The Palais de Justice, as it now exists, possesses a threefold character—legal, administrative, and punitive. Here cases are tried, here the Prefect of Police performs the multifarious duties of his office, and here criminals are imprisoned. Of the various law courts the Palais de Justice contains five: the Court of Cassation, in which appeal cases are finally heard on questions of form, but of form only; the Court of Appeal, the Court of Assizes, the Tribunal of First Instance, and the Tribunal of Police. These fill the halls of the immense building.
The Court of Cassation, divided into three chambers, counts forty-eight counsellors, a first president, three presidents of chamber, a procurator-general, six advocates-general, a registrar-in-chief, four ordinary registrars, three secretaries of the court, a librarian, eight ushers, and a receiver of registrations and fines; altogether seventy-seven persons. The Court of Appeal, divided into seven chambers, is composed of a first president, seven presidents of chamber, sixty-four counsellors, a procurator-general, seven advocates-general, eleven substitutes attached to the court, a registrar-in-chief, and fourteen ordinary registrars; altogether 106 persons. The number of officials and clerks employed in the Tribunal of First Instance is still greater. Divided into eleven chambers, the tribunal comprises one president, eleven vice-presidents, sixty-two judges, and fifteen supplementary judges, a public prosecutor, twenty-six substitutes, a registrar-in-chief, and forty-five clerks of registration. As for the Police Court, it is presided over in turn by each of the twenty magistrates of Paris, two Commissaries of Police doing duty as assessors. With the addition of two registrars and a secretary the entire establishment consists of six persons. The entire number of judges, magistrates, registrars, and secretaries employed at the Palais de Justice amounts to 351; without counting a floating body of some hundreds of barristers, solicitors, ushers, and clerks, thronging like a swarm of black ants a labyrinth of staircases, corridors, and passages. Yet the Palais de Justice, constantly growing, is still insufficient for the multiplicity of demands made upon it.

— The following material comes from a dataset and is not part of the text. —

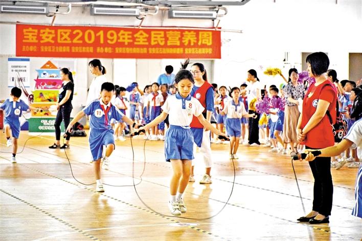 寶安日報5月21日訊 你每天運(yùn)動夠60分鐘了嗎?每天都有吃蔬菜水果嗎?如今,已有越來越多的人重視營養(yǎng)、運(yùn)動與人體健康的關(guān)系,每年的5月20日是中國學(xué)生營養(yǎng)日,今年的主題是“營養(yǎng)+運(yùn)動,攜手護(hù)視力”。5月20日下午,寶安區(qū)2019年全民營養(yǎng)周暨“5·20”中國學(xué)生營養(yǎng)日在石巖湖學(xué)校舉行。

The history of the Palais de Justice is marked by the fires in which it has from time to time been burned down. The first of these broke out on the night of the 5th of March, 1618, when the principal hall and most of the buildings adjoining it were destroyed. The second, which took place on the 27th of October, 1737, consumed the buildings forming the Chamber of Accounts, situated at the bottom of the courtyard of the Sainte-Chapelle—an edifice of surpassing beauty, constructed in the fifteenth century by Jean Joconde, a monk of the Order of Saint Dominic. {255} The third fire declared itself during the night of January 10, 1776, in the hall known as the Prisoners’ Gallery, from which it spread to all the central buildings. In this conflagration perished the old Montgomery Tower. The last of the fires in which so many portions of the Palais de Justice have turn by turn succumbed, was lighted by order of the insurgent Commune on the 24th of May, 1871, when the troops from Versailles were entering Paris. The principal hall, the prison, the old towers with all the civil and criminal archives (in the destruction of the latter the insurgents may have been specially interested) were all consumed.